Step 1: Complete the methodology memo
Open materials/methodology-memo-template.md and fill in every remaining section. The Preparation Decisions section should now be complete: feature engineering rationale, temporal split justification, leakage assessment with the comparison results, and data quality issues (stockouts, platform migration).
Fill in the Methodology section (model choice, evaluation metrics), the Limitations section (what the model cannot predict, where forecast reliability breaks down), and the Findings Summary.
The methodology memo documents your preparation pipeline. If another analyst inherited this project and needed to understand why you lagged the social media features by seven days instead of using same-day counts, this memo should answer that question without them needing to ask you.
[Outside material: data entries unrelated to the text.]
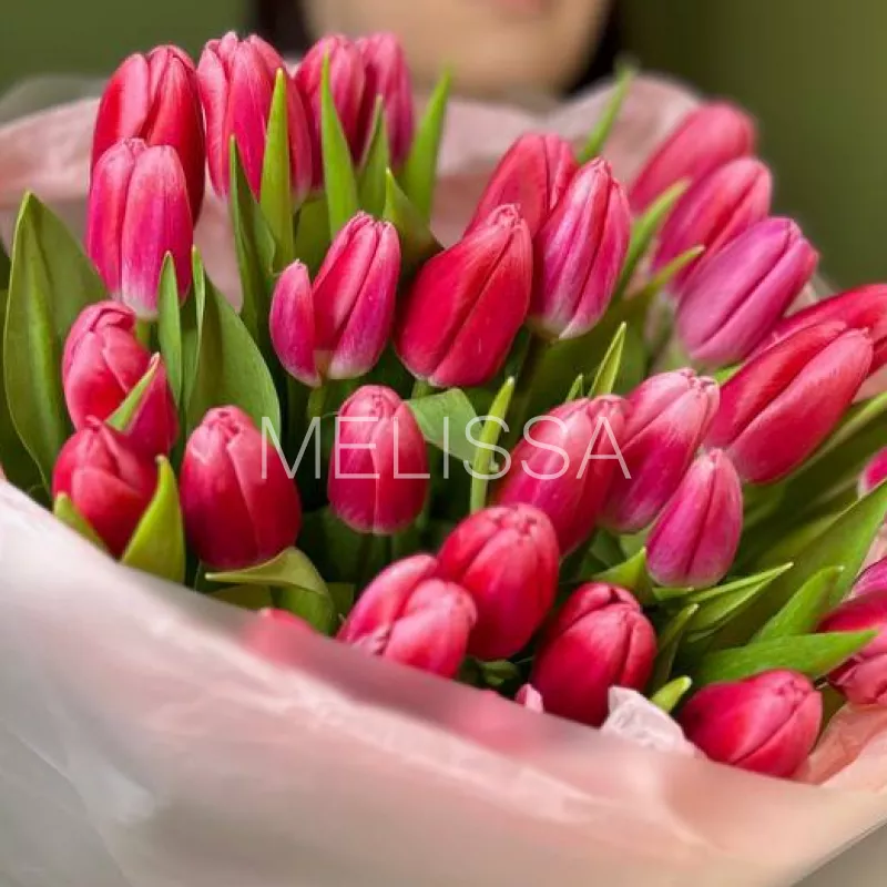Букет из ярких розовых тюльпанов, завернутый в прозрачную пленку и белую бумагу. Нежные оттенки цветов создают трогательный и романтичный образ, идеальный для подарка или особого случая. Букет излучает свежесть и яркость, привлекая внимание своей красотой и элегантностью.
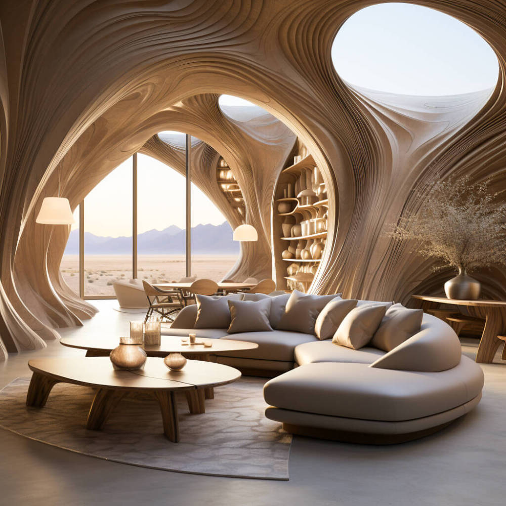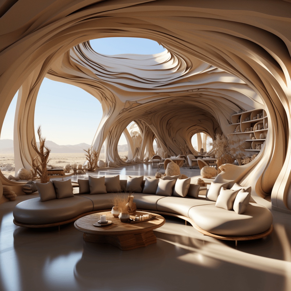 • 沙漠中心的一座三层弧形木建筑展现出逼真的雕塑和流动的纹理,灵感来自富有远见的艾里斯·范·赫本 (Iris van Herpen)。 在这个高分辨率的庇护所中,质朴的魅力与环保的工艺相结合,装饰有图案的表面,庆祝自然与设计的结合。 步入建筑成为艺术的领域,每个细节都讲述着创造力和联系的故事。
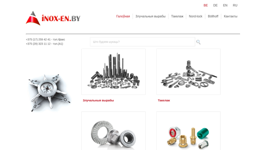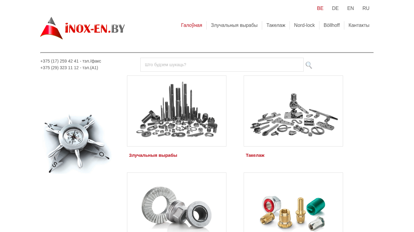 SEO-описание | Inox - en.by: прапануем крапеж і такелаж з нержавейнай сталі, а менавіта шрубы, шайбы, гайкі, ніты, антывандальны крапеж, кольцы, коркі, ручкі, карабіны, тальрэпы, коўшы, троса, вяртлюкі, ланцугі, шпількі, шайбы, заклёпкі, завесы. Падрабязная тэхнічная інфармацыя. Мінск (Рэспубліка Беларусь) |
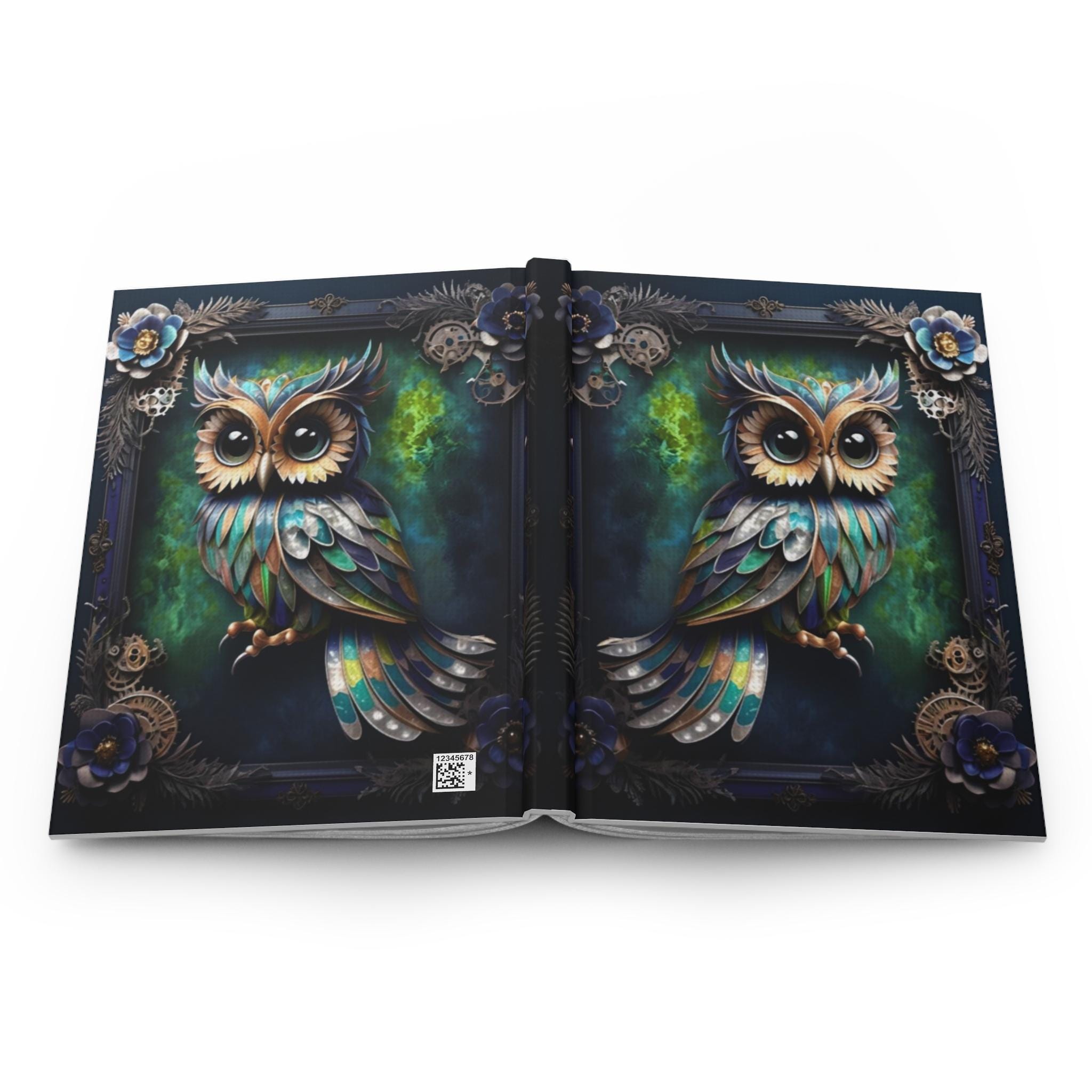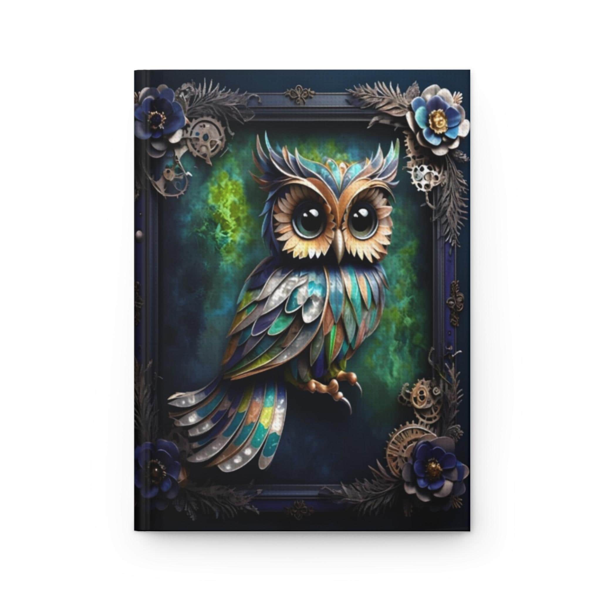 A vibrant steampunk Owl journal with a matte laminated cover, vibrant colors, perforated pages, casewrap binding, and a full wraparound print. Perfect for creative souls looking to jot down their thoughts and ideas in style. Ideal for writers, artists, students, and anyone who loves unique designs. Great for birthdays, holidays, and everyday use.
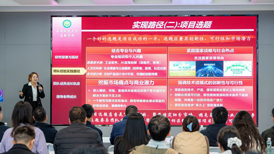 第十九屆“挑戰(zhàn)杯”國賽三等獎指導老師李華君為在場師生帶來一場干貨滿滿的分享。其獲獎項目以“特色產業(yè)融合助推縣域經濟高質量發(fā)展”為主題,聚焦陜南3市11縣茶產區(qū),組建跨工程造價、視覺傳達、網絡與新媒體、計算機等多學科團隊,歷經三年深入調研,從產品、技術、文化、系統(tǒng)四個維度推動茶產業(yè)升級:在產品上融合安康富硒茶與涇陽茯茶工藝,研發(fā)出金花菌更豐富、健康價值更高的富硒茯茶;在技術上設計新型自動控溫控濕發(fā)花裝置,實現(xiàn)降本增效與發(fā)花均勻;在文化上挖掘“貢茶文化”“茶馬古道”內涵,打造特色文創(chuàng)包裝;在系統(tǒng)上運用全生命周期成本管理方法優(yōu)化茶產業(yè)園區(qū)建設,并構建“內容+技術+渠道”立體傳播矩陣擴大品牌影響。該項目不僅為地方茶產業(yè)注入新活力,也構建了一套可復制、可推廣的鄉(xiāng)村振興數(shù)字化解決方案。李華君老師從選題立意、細節(jié)打磨,到跨學科協(xié)作與團隊心態(tài)管理,全面拆解競賽關鍵環(huán)節(jié),傾囊相授實戰(zhàn)經驗,為學生們搭建起從校園學習走向國賽舞臺的堅實橋梁。
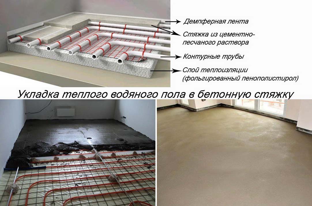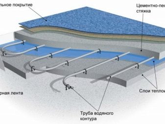 Water heating systems are always multi-layered. The base is made waterproofing, then there is thermal insulation (it does not allow heat to go down). Later, pipes of small diameter, covered with a base layer - a concrete screed, occasionally with gypsum fiber, are being installed. And only then comes the turn of the actual flooring. The type of overlap determines the thickness of the whole structure, ranging from 5 to 15 centimeters.
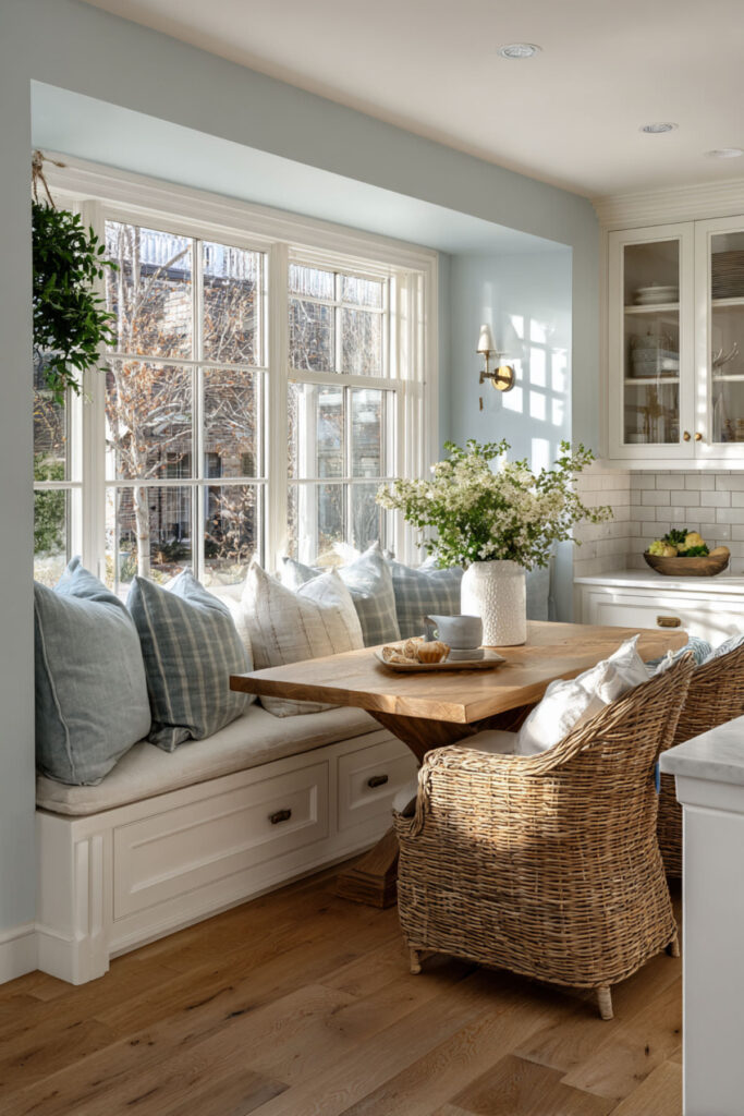 The banquette table can hold multiple kids’ projects without taking over the entire kitchen. Built in seating means no chairs to tip when kids inevitably lean back. This spot transitions from homework to family dinner to late-night study sessions seamlessly.
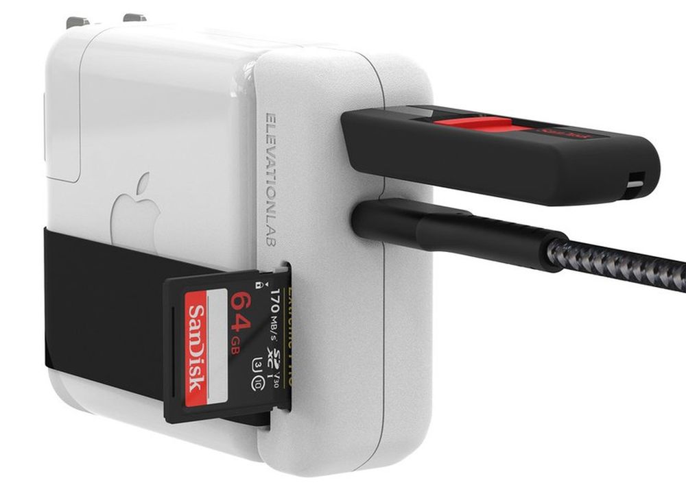 知名配件厂商 ElevationLab 今天推出了一款非常独特的产品--ElevationHub。它将线缆管理、SD卡读卡器、USB-A 3.0 端口整合到了一起。它可以连接到 MacBook Pro/Air 的电源适配器上,在不使用的时候能够将线缆使用魔术贴进行整理。

Step 2: Cross-model review
Open a second Claude session. Give the second AI only three things:
- Eunji's original Slack message
- The data dictionary
- Your completed methodology memo
Ask the review model: "Does the feature engineering avoid leakage? Is the temporal split correct? Are the limitations honest? Did I handle the stockout data appropriately?"
Read the review. It may catch things you missed -- a feature that is partially leaked, a limitation you did not state explicitly, or a preparation decision that needs more justification. Address any legitimate findings.
Step 3: Translate the forecast into buying language
The buying team does not read MAE numbers. They need to know: what should we order, how confident are we, and what should we watch.
Translate the forecast into operational language:
- Not "MAE = 47 units" but "for seasonal products, the forecast is usually within 50 units of actual demand -- close enough for weekly ordering"
- Not "trend-driven products have higher MAE" but "for products that go viral, the model catches trends that are building on social media about a week ahead, but it cannot predict products that spike with no warning"
- Not "feature importances show calendar variables dominate" but "for sunscreen and moisturizer, past years' patterns tell us what to order -- social media does not add much for these products"
Step 4: Address Eunji's five requirements
Go back to her original Slack message. She asked for five things:
- Predict demand for the top 200 SKUs at least a week ahead
- Flag products that are starting to trend upward before they spike
- Separate seasonal products from trend-driven products
- Tell her what data signals are actually predictive
- Something the buying team can read and act on
Map each finding to one of these requirements. Every requirement should have a clear response in the findings summary. If a requirement is only partially met (and some will be -- trend prediction is inherently limited), say so.
Step 5: Draft the findings summary
Structure the findings summary around what the buying team needs to do, not around the methodology. Lead with actionable information: which SKUs to order more of, which products are trending upward, which seasonal patterns are coming. Put limitations alongside the relevant findings, not in a separate section at the bottom.
The summary is the deliverable. The notebook and methodology memo are supporting evidence. Eunji's buying team will read the summary. They will not read the notebook.
Check: Cross-check complete. Forecasts in buying language. All five requirements addressed. Limitations stated.